Nacional

Pólvora y fuego mortal

* Sobrevivientes afirman que las víctimas fatales se quedaron a intentar apagar el incendio con los extinguidores * La Policía encontró dos casas más donde se guarda pólvora ilegalmente * La casa era alquilada por una familia de León que venía todos los años a ganarse la vida de esa manera

Silvia Carrillo

Un voraz incendio en una bodega ilegal, ubicada en el barrio Santo Domingo, de Managua, frente a la iglesia que lleva el mismo nombre, enlutó a dos familias, cuando los jóvenes William Fletes Salinas, de 30 años, y Jorge Carrión, de 27, fueron devorados por las llamas.
Los acontecimientos ocurrieron ayer sábado a eso de las ocho y treinta de la mañana, cuando Félix Antonio Huete Blanco, uno de los sobrevivientes, hizo presión sobre una de las cajas que en ese instante estaba acomodando en la bodega.
Huete dijo que en el momento del siniestro se encontraba en compañía de los dos fallecidos y la adolescente Silvia Lisette Centeno, a quien logró rescatar antes que las llamas acabaran con su vida.
Según las explicaciones del joven, cuando el fuego comenzó a expandirse trataron de apagarlo con los extinguidores, pero todo fue en vano.
“Les dije que nos saliéramos de la casa, porque todavía estábamos a tiempo, pero ellos dijeron que tratarían de apagar el fuego”, dijo.
La casa donde ocurrieron los hechos era alquilada por Rosa Fletes Salinas, madre de William Fletes, quien desde hacía más de cinco años se había dedicado a vender pólvora, sin imaginar que ese negocio le arrebataría a su hijo.

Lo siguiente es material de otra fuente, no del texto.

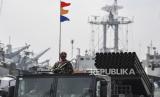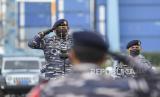 Panglima Koarmada I Laksamana Muda TNI Abdul Rasyid Kacong (kiri) memberi hormat saat Gelar Pasukan Latihan Operasi Dukungan Tembakan tahun 2020 Koarmada I di Dermaga JICT II, Tanjung Priok, Jakarta, Jumat (20/11/2020). Latihan operasi yang akan berlangsung pada 20-26 November mendatang di perairan Natuna Selatan dan sekitarnya bertujuan untuk meningkatkan kemampuan personel dalam merencanakan, menyiapkan persenjataan dan ketepatan penembakan terhadap sasaran yang dilakukan secara gabungan dalam bentuk unsur fungsi serta meningkatkan interoperabilitas antar satuan yang terlibat mulai dari tahap deteksi sampai dengan tahap netralitas.  (FOTO : ANTARA/M Risyal Hidayat)
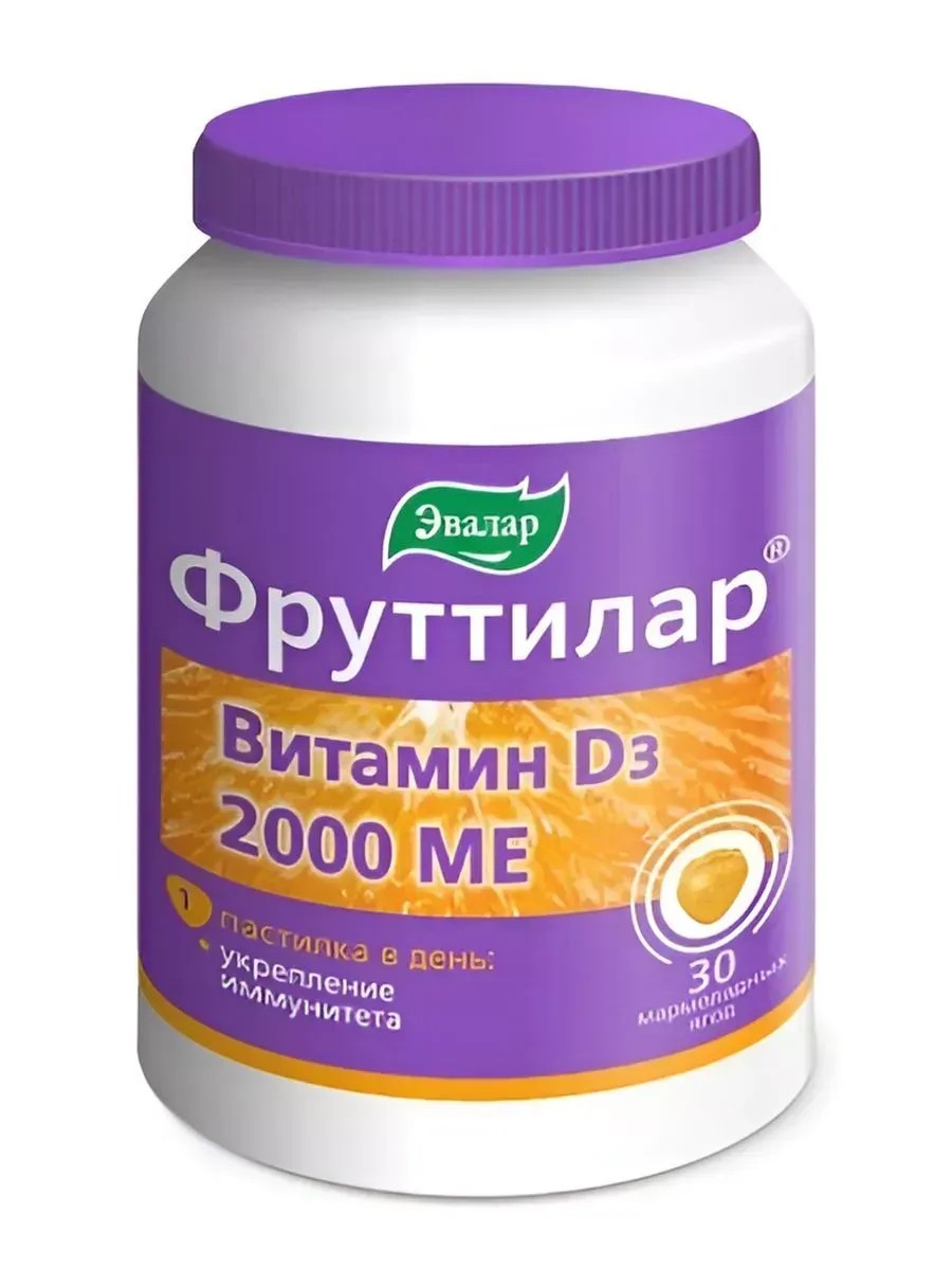 ФРУТТИЛАР Витамин D3 2000 МЕ – это биологически активная добавка к пище (БАД). Содержит 2000 МЕ витамина D3 в 1 пастилке по 4 грамма каждая. Для тех, кто хочет не только получать от витамина D3 пользу, но и порадовать себя приятным вкусом. Фруттилар Витамин D3 способствует укреплению иммунитета и снижению риска развития простудных заболеваний, лучшему усвоению кальция, укреплению костей, зубов, снижению риска развития остеопороза, повышению силы мышц, поддержанию сердечно-сосудистой и нервной систем, регуляции репродуктивной функции организма, повышению уровня серотонина – «гормона счастья» и улучшению настроения. В изготовлении мармеладной основы используются натуральные пищевые компоненты: сахар, желатин (источник коллагена) и патока. Не требуют запивания. Взрослым — по 1 жевательной пастилке в день. Продолжительность приема — 2–3 месяца. Перед применением рекомендуется проконсультироваться с врачом.

Ante la noticia, la señora reaccionó con gritos desgarradores. “Mi muchachito lindo, Dios mío, ¿por qué se murió?”, decía la desconsolada madre.

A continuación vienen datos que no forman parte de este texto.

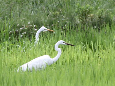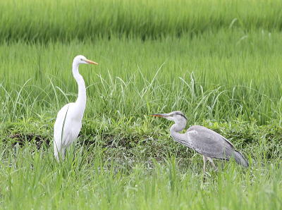 | ダイサギ、アオサギ[7月24日] どちらも若鳥でしょうか | ダイサギ[7月24日] 今日は3羽いました | |
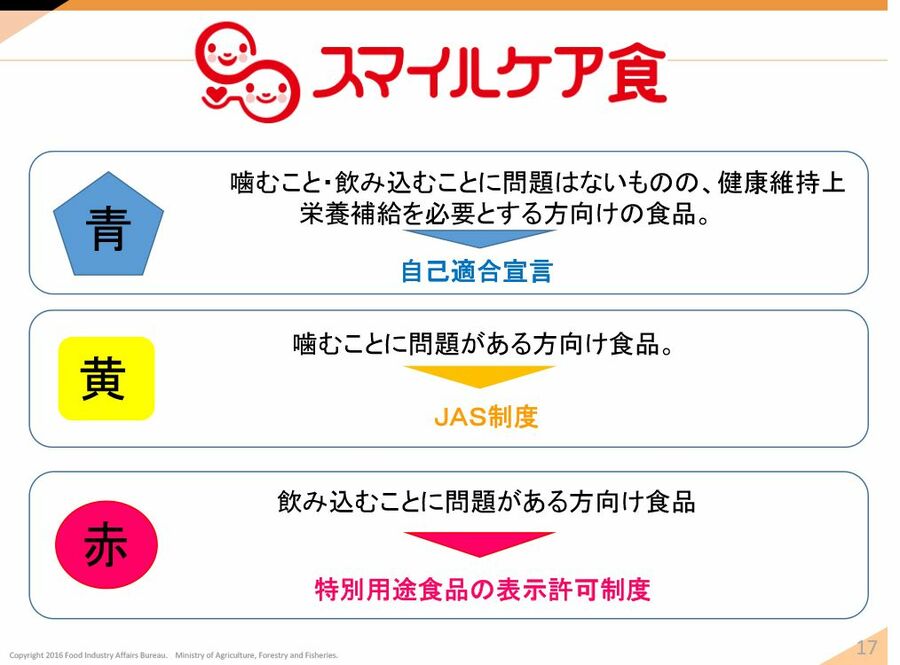 魚の消費が減っても市場拡大していた「骨なし魚」 骨を抜いてある白身魚。高齢化を背景に「骨なし魚」の需要が高まっている。 (画像1/3) 「ユニバーサルデザインフード」のマークの例。(日本介護食品協議会資料より) (画像2/3) 「スマイルケア食」の色による分類と関連する制度。黄色と赤には固さの基準に応じて、数値でも区分けしている。(農林水産省 2016年11月公表「スマイルケア食の取組について」より) 拡大画像表示 (画像3/3) 魚の消費が減っても市場拡大していた「骨なし魚」 この写真の記事を読む
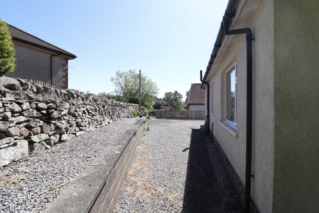 A paved and gravelled driveway leads to the garage. The front garden is laid to gravel with paved pathways which continue alongside the property with a gravel border to the rear garden. Storage shed.
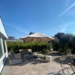 Vom Esstisch aus guckt man in den schone Garten mit Terasse.
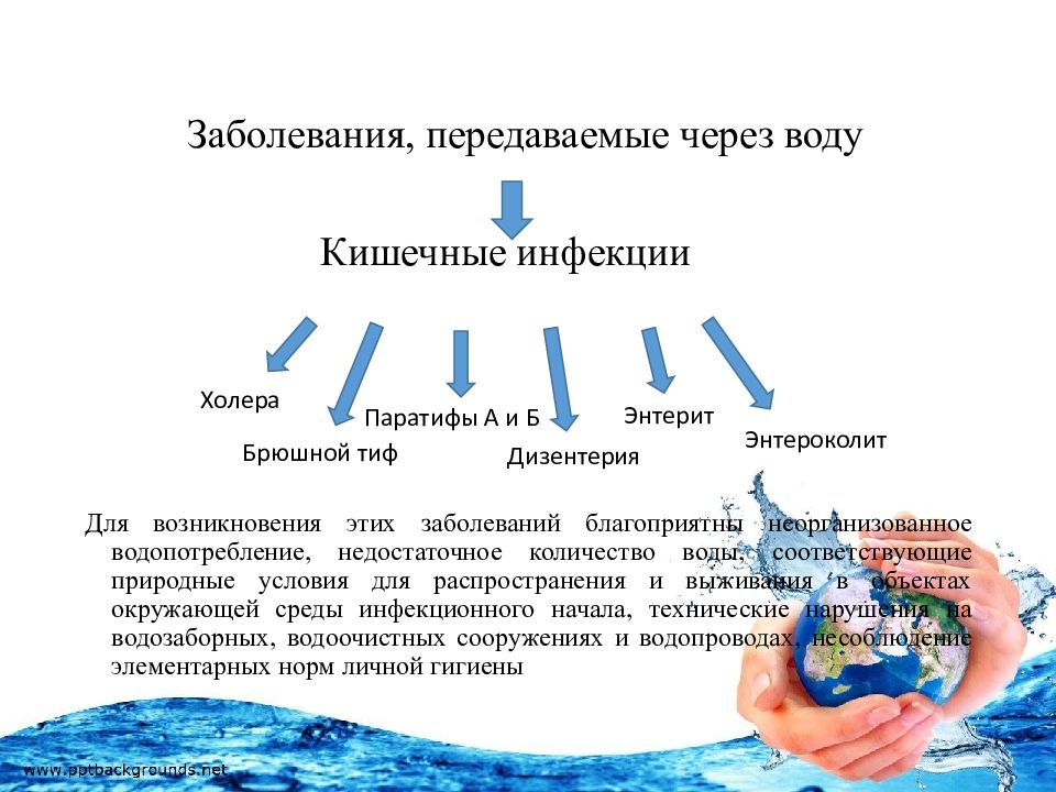Заболевания, передаваемые через воду Кишечные инфекции Для возникновения этих заболеваний благоприятны неорганизованное водопотребление, недостаточное количество воды, соответствующие природные условия для распространения и выживания в объектах окружающей среды инфекционного начала, технические нарушения на водозаборных, водоочистных сооружениях и водопроводах, несоблюдение элементарных норм личной гигиены Холера Брюшной тиф Паратифы А и Б Дизентерия Энтерит Энтероколит

Vecinos del lugar alegaron que doña Rosa alquilaba la casa por necesidad, porque ellos son originarios de León y siempre aprovechaban las fiestas navideñas para vender sus productos.
Dos bodegas ilegales más
La Policía Nacional, que hizo presencia en el lugar, encontró además de la bodega ilegal de doña Rosa Fletes, dos sitios más que no contaban con la autorización de las autoridades policiales y la Alcaldía. Además de considerarse prohibida la existencia de un expendio de pólvora cercano a los puestos de venta.

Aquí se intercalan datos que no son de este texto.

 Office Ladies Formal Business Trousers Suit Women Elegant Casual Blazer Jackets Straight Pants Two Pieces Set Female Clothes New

De los tres puestos ilegales, incluyendo el lugar donde ocurrió el siniestro, la Policía decomisó cuatro mil córdobas en pólvora a la señora Sonia Guerrero.
Ante tal situación, el director de la Dirección General de Bomberos, Héctor Sevilla, dio a conocer que van a convocar a reunión a todos los vendedores de pólvora en Managua, para determinar cuántos de éstos tienen bodegas ilegales, y con ello aplicar sanciones.
Sevilla explicó que un establecimiento de pólvora no debe estar cerca de la bodega, porque la Ley 510, referida al control de armas y explosivos, establece que: “Los expendedores de pólvora deberán mantener en sus puestos de venta el inventario mínimo del día y no abastecerse de los productos en bodegas cercanas a sus lugares de venta”.
El comisionado Luís Barrantes, de la Estación Cuatro de la Policía, dijo que continuarán con las investigaciones hasta que se determine con exactitud el origen de la tragedia.